The half-life of montelukast in young healthy adults is 2.7 to 5.5 hours. Pharmacokinetics of montelukast remains almost linear when administered orally in doses over 50 mg. When taking montelukast in the morning and evening hours
no differences in pharmacokinetics are observed. When taking 10 mg of montelukast once a day a moderate (about 14%) cumulation of the active substance in plasma is observed.

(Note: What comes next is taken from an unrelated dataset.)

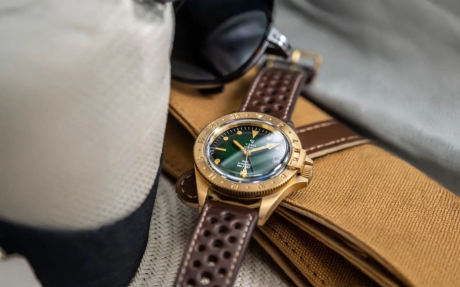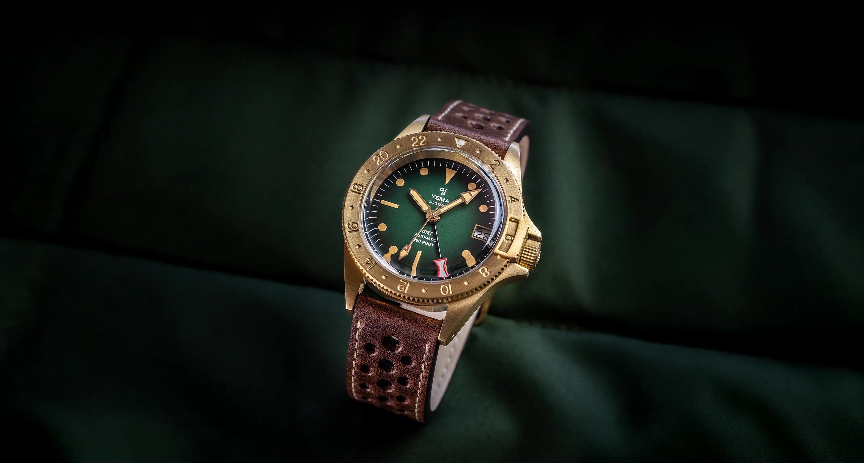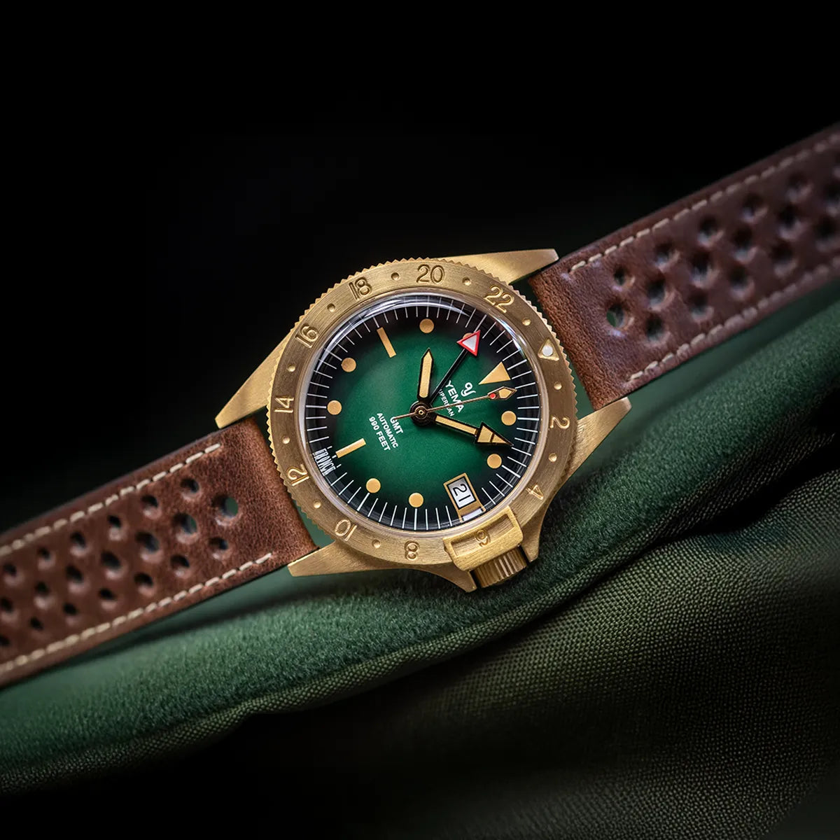 Équipée de notre Calibre Maison GMT YEMA3000 de deuxième génération, ce garde-temps conserve l'ensemble des aspects design de sa prédécesseur tout en proposant un cadran vert dégradé mat qui contraste parfaitement avec la lunette en bronze GMT et ses index gravés.

Peculiarities of the pharmacokinetics of montelukast in different groups of patients

Gender
The pharmacokinetics of montelukast in men and women are similar.

Elderly patients
With a single oral administration of 10 mg of montelukast, the pharmacokinetic profile and bioavailability are similar in elderly and younger patients. The plasma elimination half-life of montelukast is somewhat longer in the elderly. Dose adjustment of the drug in
elderly people is not required.

Race
No differences in clinically significant pharmacokinetic effects were found in patients of different races.

Hepatic impairment
. In patients with mild to moderate hepatic impairment and clinical manifestations of liver cirrhosis, a slowing of montelukast metabolism was noted, accompanied by an increase in the area under the pharmacokinetic concentration-time curve (AUC) of approximately 41% after a single dose of 10 mg.
The half-life of montelukast in these patients is slightly longer compared to healthy volunteers (mean half-life – 7.4 hours).
No change in the dose of montelukast for patients with mild to moderate hepatic impairment is required. There are no data on the nature of pharmacokinetics of montelukast in patients with severe hepatic impairment (more than 9 points on the Child-Pugh scale).

Renal insufficiency
Since montelukast and its metabolites are virtually not excreted through the kidneys, the pharmacokinetics of montelukast in patients with renal insufficiency have not been evaluated.
Adjustment of the drug dose for this group of patients is not required.